Sentiment ratios normalize counts and weight scores market tone

In [None]:
# Normalize by article count
for sentiment_type in ['pos_total_count', 'neu_total_count', 'neg_total_count']:
    df[f'{sentiment_type}_ratio'] = df[sentiment_type] / (df['total_count'] + 1e-6)

# weifht sentiment score
df['weighted_sentiment'] = (
    df['article_sentiment'] * 
    (df['pos_total_count_ratio'] - df['neg_total_count_ratio'])
)

# rolling mean for smoothness
df['sentiment_rolling_mean_7d'] = df['weighted_sentiment'].rolling(7).mean()


Finally we consider interaction across domains

- does volatility rise on down days? (leveraging effect)

- macro micro perceptions (VIX to IV)

- are greeks related in explanatory ways 

In [None]:
# stock vol relations
df['return_x_iv'] = df['stock_return'] * df['implied_vol']
df['return_x_vix'] = df['stock_return'] * df['vix-close']
df['iv_x_sentiment'] = df['implied_vol'] * df['weighted_sentiment']

# greeks
df['vega_x_theta'] = df['vega'] * df['theta']
df['delta_x_gamma'] = df['delta'] * df['gamma']

# micro macro
df['vix_iv_ratio'] = df['vix-close'] / (df['implied_vol'] + 1e-6)

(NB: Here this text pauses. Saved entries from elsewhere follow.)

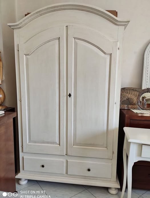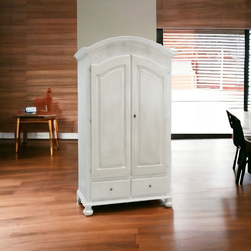 Armadio shabby 2 porte legno bianco anticato 125x61x200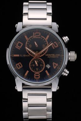 Bracelet: Heat embossed MontBlanc Replica black crocodile leather strap with MontBlanc Replica name and logo engraved polished stainless steel flip-over hook clasp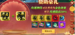 4.进入游戏后建议先购买【8元赞助】送【满攻速、全屏拾取】,【30元赞助】送【神将继承100%】,输出效率翻倍!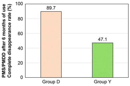 Furthermore, the complete disappearance rates of PMS-like symptoms were compared between the two groups. The complete disappearance rate was significantly higher in Group D than in Group Y (89.7% vs. 47.1%; p < 0.01) (Figure 4).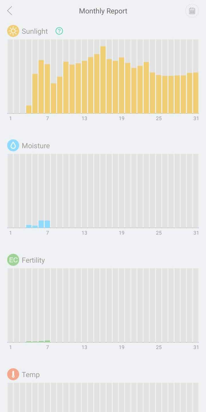 Ejot tālāk vari apskatīt kā augam ir gājis iepriekšējās dienās konkrētā datumā vai mēneša garumā.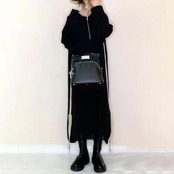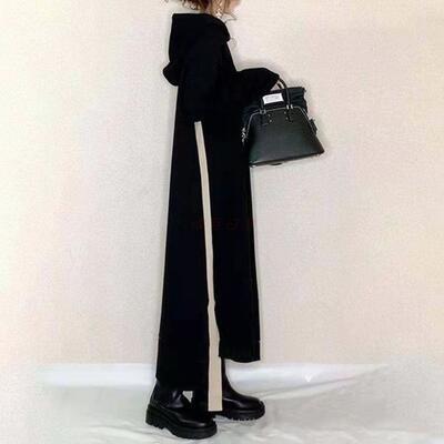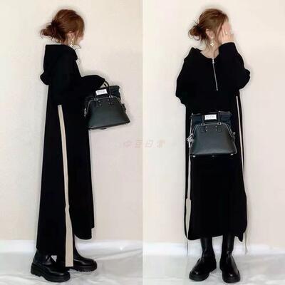 ワンピース レディース 袖あり 長袖 フード カジュアル ミモレ丈 おしゃれ 可愛い フェミニン サイドライン ワンピ ドレス かっこいい ゆったり 体型カバー シンプル リラックス スポーティ ブラック 黒 春 秋 冬 20代 30代 40代 50代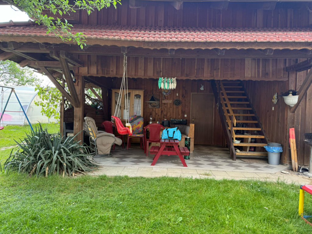befindet sich sehr ruhig gelegen in mitten von Feldern und Wiesen in Waldnähe in einer Sackgasse. Hierr die Seele baumeln Passen und die Naturgeniesen.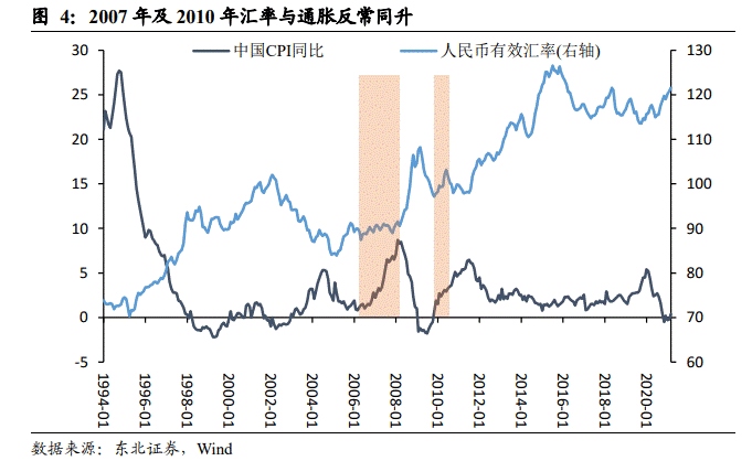 同時注意人民幣的走勢。一般來說,物價走高和匯率是反的。但是2007年、2010-2011年兩段輸入性物價壓力比較大的時期,人民幣卻反常升值。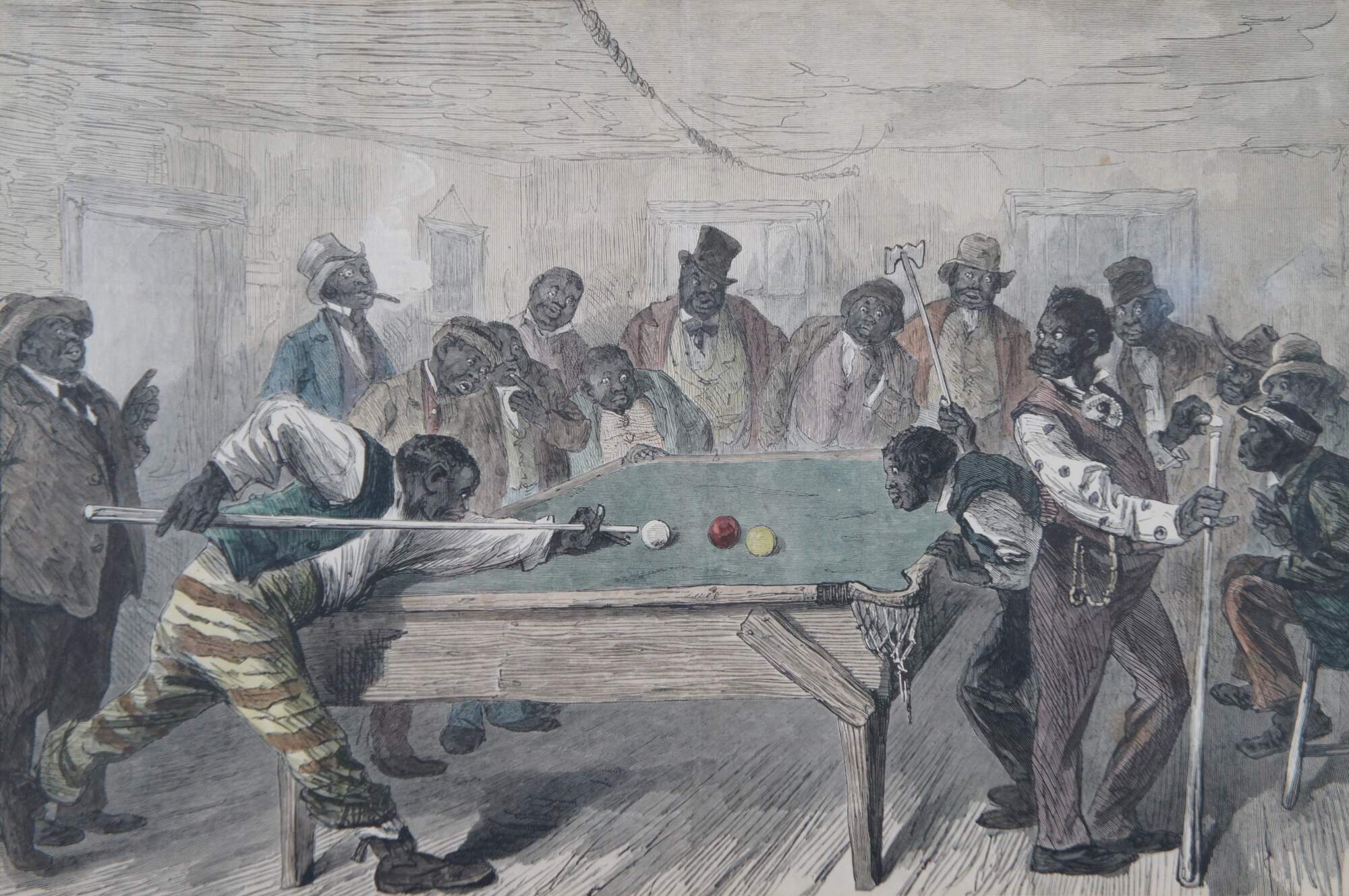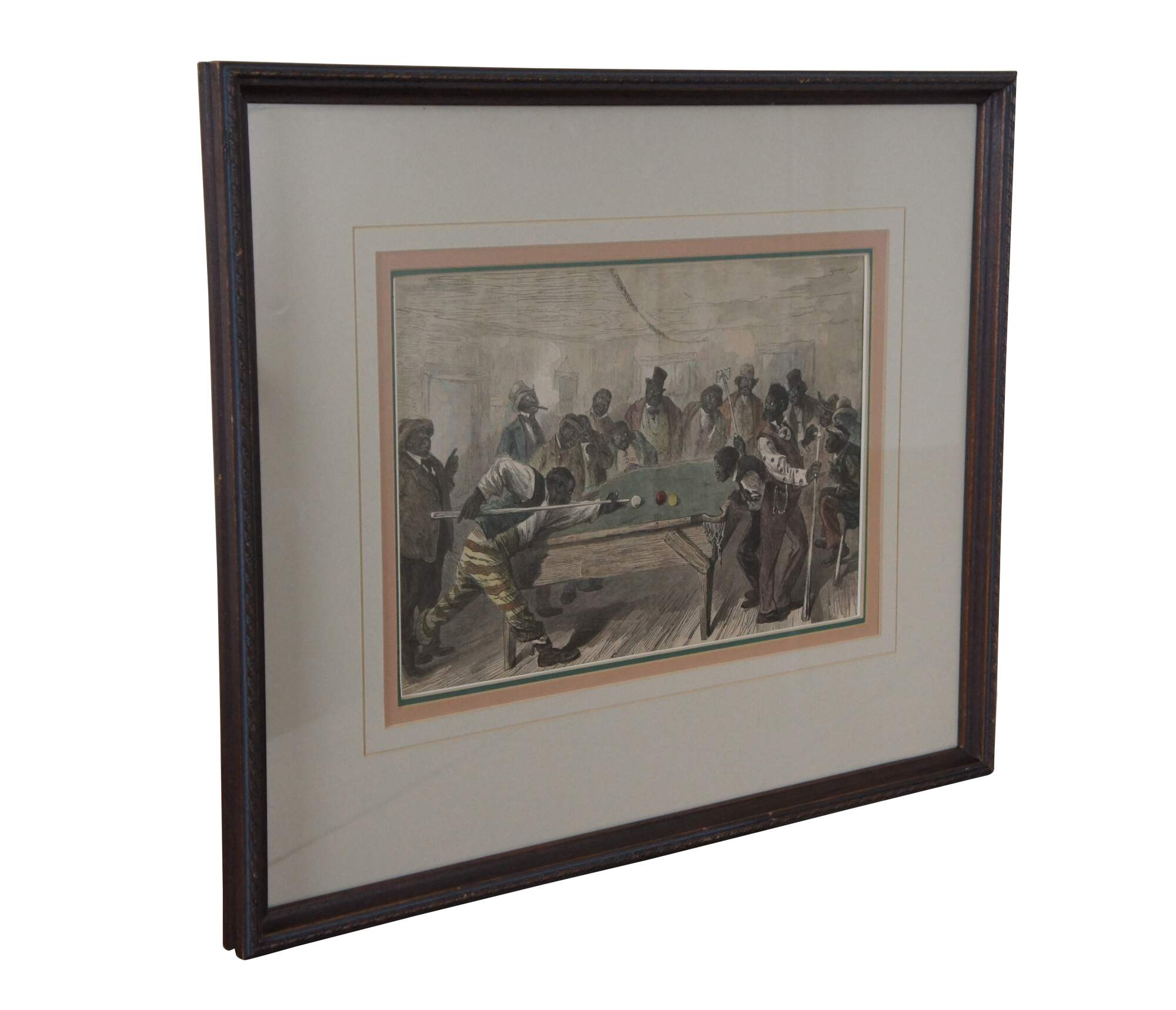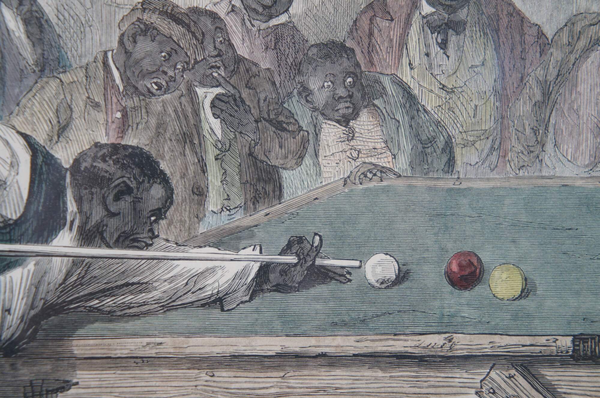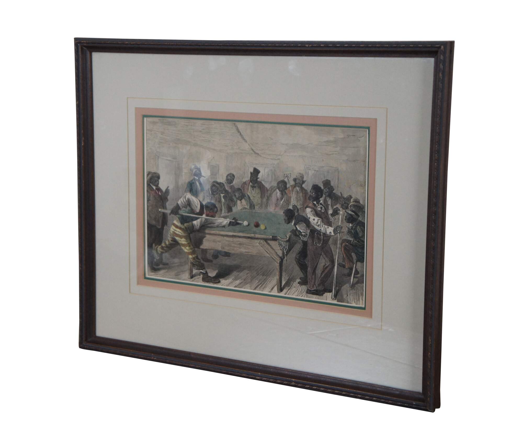 Antique late 19th century hand colored engraving titled “The Blackville Billiard Club” after Solomon Eytinge, showing a bar full of African American men playing pool / billiards. Cut from the March 31, 1883 edition Harper’s Weekly magazine.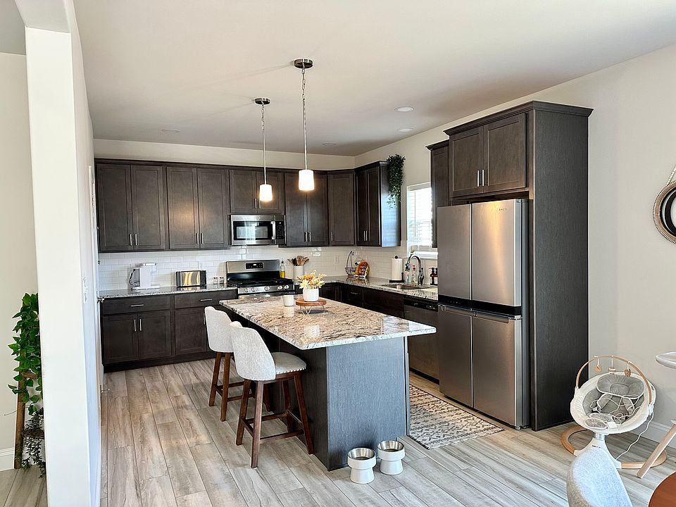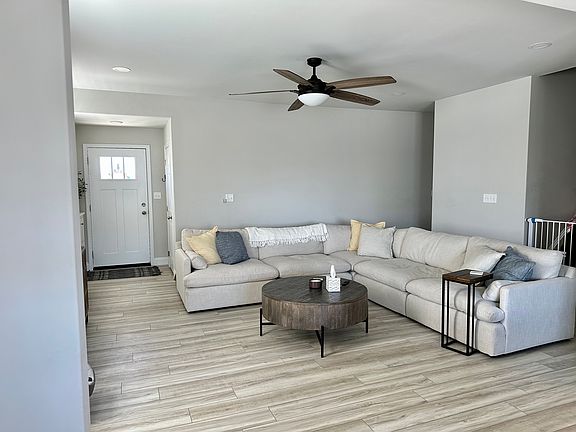 Some photos are before we moved in. The bedrooms have blinds and will have ceiling fans installed prior to move in.

Many of the new features are heavy tailed or have probabilities concentrated at extremes (ends of dist)

To prevent these from dominating model learning we can use robust normalization which for learning purposes is less sensitive to outliers

In [None]:
engineered_features = [
    'stock_return','option_return','implied_realized_vol_ratio','bid_ask_spread',
    'vol_skew','vol_surface_curvature','iv_change','rv_change','vol_vol',
    'weighted_sentiment','sentiment_rolling_mean_7d','return_x_iv','vega_x_theta','vix_iv_ratio'
]

scaler = RobustScaler()
df[engineered_features] = scaler.fit_transform(df[engineered_features])

Lets check our new features making sure they are centered, have meaningful relations, and avoid redundancy

In [None]:
plt.figure(figsize=(10, 6))
sns.heatmap(df[engineered_features].corr(), cmap='coolwarm', center=0)
plt.title("Correlation Heatmap of Engineered Features")
plt.show()

df[engineered_features].hist(bins=40, figsize=(14, 10))
plt.suptitle("Distribution of Engineered Features", fontsize=16)
plt.show()

If you thought this was a lot of work thats because most of time building models is spent in the data processing/feature selection phases. These aren't always intuitive relationships and often require teams and researchers!